There's nothing left for me to figure out,
I've paid a price, and I'll keep paying
I'm not ready to make nice,
I'm not ready to back down,
I'm still mad as hell
And I don't have time
To go round and round and round
It's too late to make it right
I probably wouldn't if I could
Cause I'm mad as hell
Can't bring myself to do what it is
You think I should
I started having nightmares again. I went a whole week without one. But last night... was a bad one. I woke up crying. Never pleasant.
Church was hard today.
Too much emotion makes me want to throw myself in front of a van.
They need to stop forcing me to try and love God.
I'm not sure I'm ready for that, yet.
I'm not sure I still even believe in that.
All I know is that I'm not ready to let go of Todd. He hurt me, and I want him hurt.
And if that makes me and God not like each other, fine.
I completely broke down at church today. I honestly was sobbing so hard that my whole body was shaking and I thought I was going to pass out. I couldn't stop- I wanted to stop, but I couldn't make the tears stop flowing, and I couldn't get myself back into my content little bubble.
I fucking hate reality. It always ruins my life.

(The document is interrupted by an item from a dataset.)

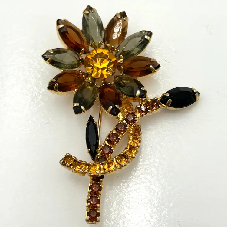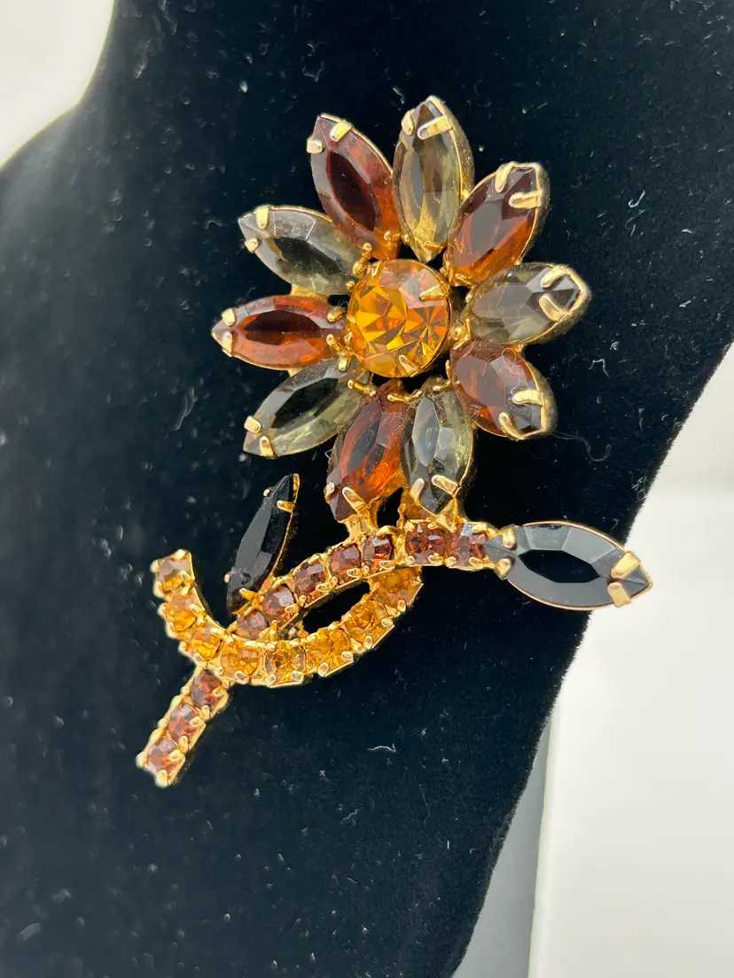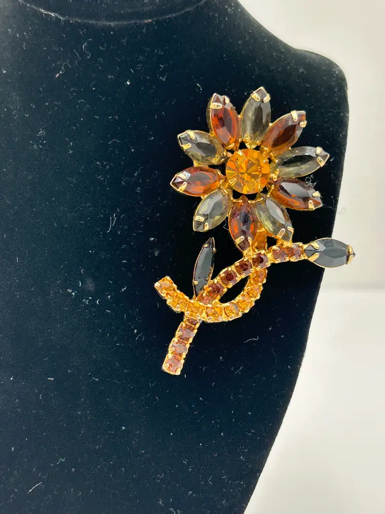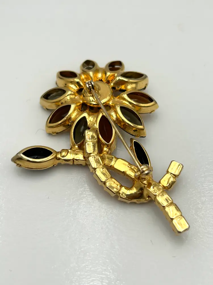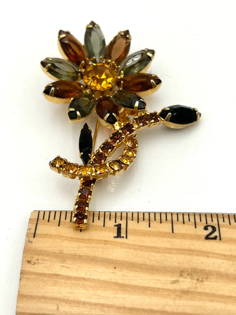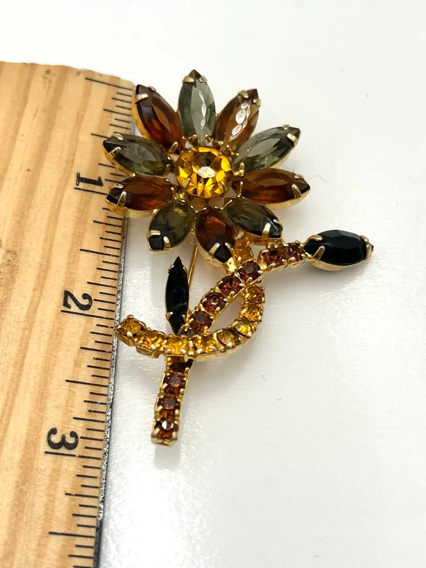 This is a stunning piece of vintage jewelry with three different colors of rhinestones in a gold tone setting. The flower petals are a smokey gray and amber with very dark stone leaves and colorful stems. The back has a c clasp that works well. It is about 3 inches tall and approximately 2 inches wide with the leaves included. The brooch has all of its stones and no issues.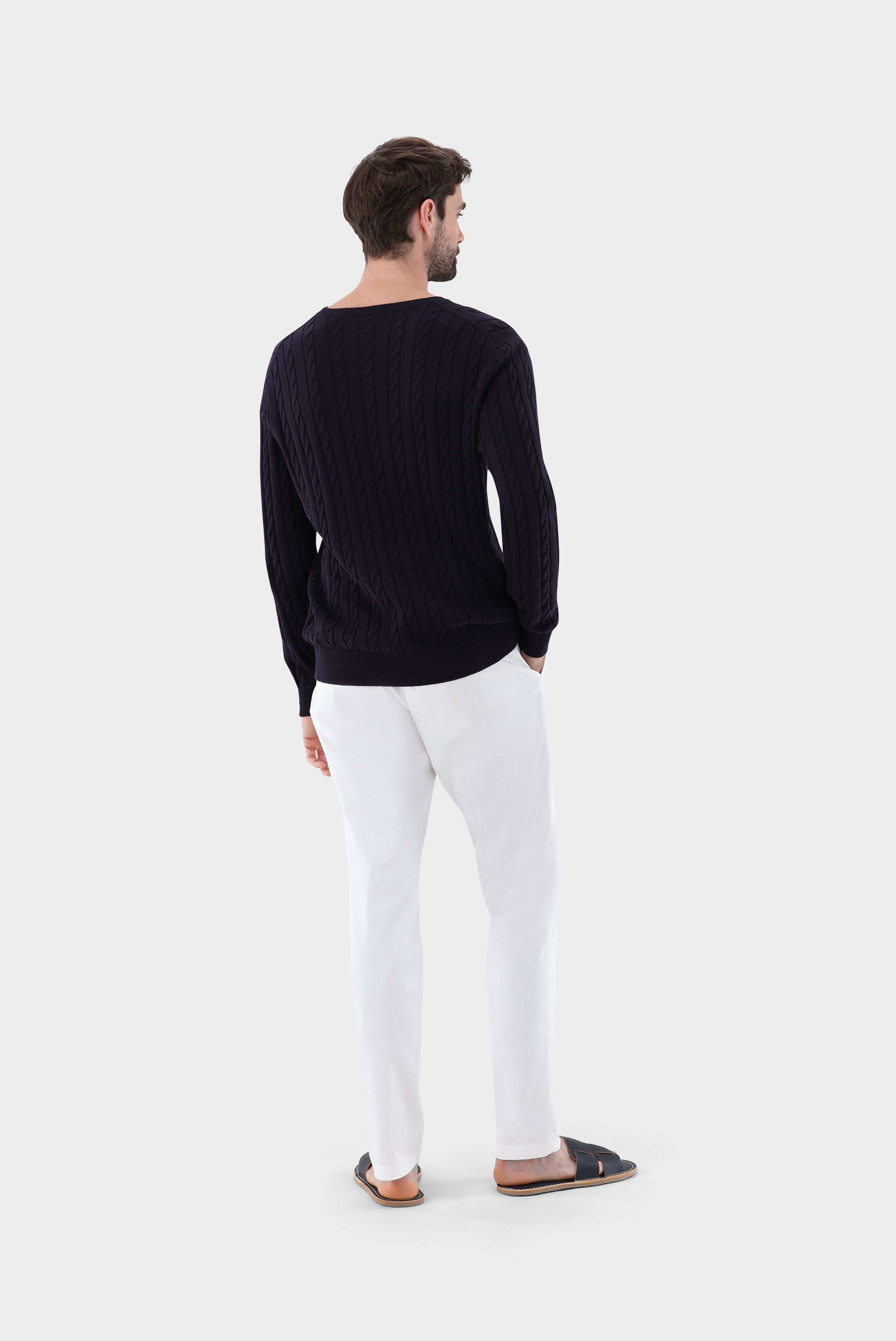 Der Rundhalspullover mit Zopfmuster wird mit Baumwolle und Seide gefertigt und bietet luxuriöse Weichheit. Der Seiden Anteil sorgt für eine leicht kühlendes Element. Das klassische Zopfmuster verleiht ihm einen eleganten Look, während der Rundhalsausschnitt für eine klassische Silhouette sorgt. Ideal für kühle Abende im Sommer, oder das Frühjahr.

I'm not ready to let go of Todd. I'm not ready to let go of the problems my mother and I have. I'm not ready to forgive my dad for the things he's said. I'm not ready to forgive Sam to breaking what was left of my miserable little heart.
I'm just not ready.
So stop trying to force me to give up the only things I have that are keeping me from being depressed. Angry I can deal with. I can't do depressed. I WON'T. I am not going to go back to being that girl just to get through it. I can't get through it. I'm not willing to sacrifice my sanity just for the possibility that I might be normal- and it's a slight possibility at that.
I'm scared all of the time, though. Always. I barely trust anyone... and if I do, I always tell them only certain things. I really don't think I can trust. I should probably tell Kelsey that. It makes me feel bad, but I just can't. Not after Todd, and Mom, and Dad, and Sam, and my Grandparent's... no.
I'm not letting myself get hurt again.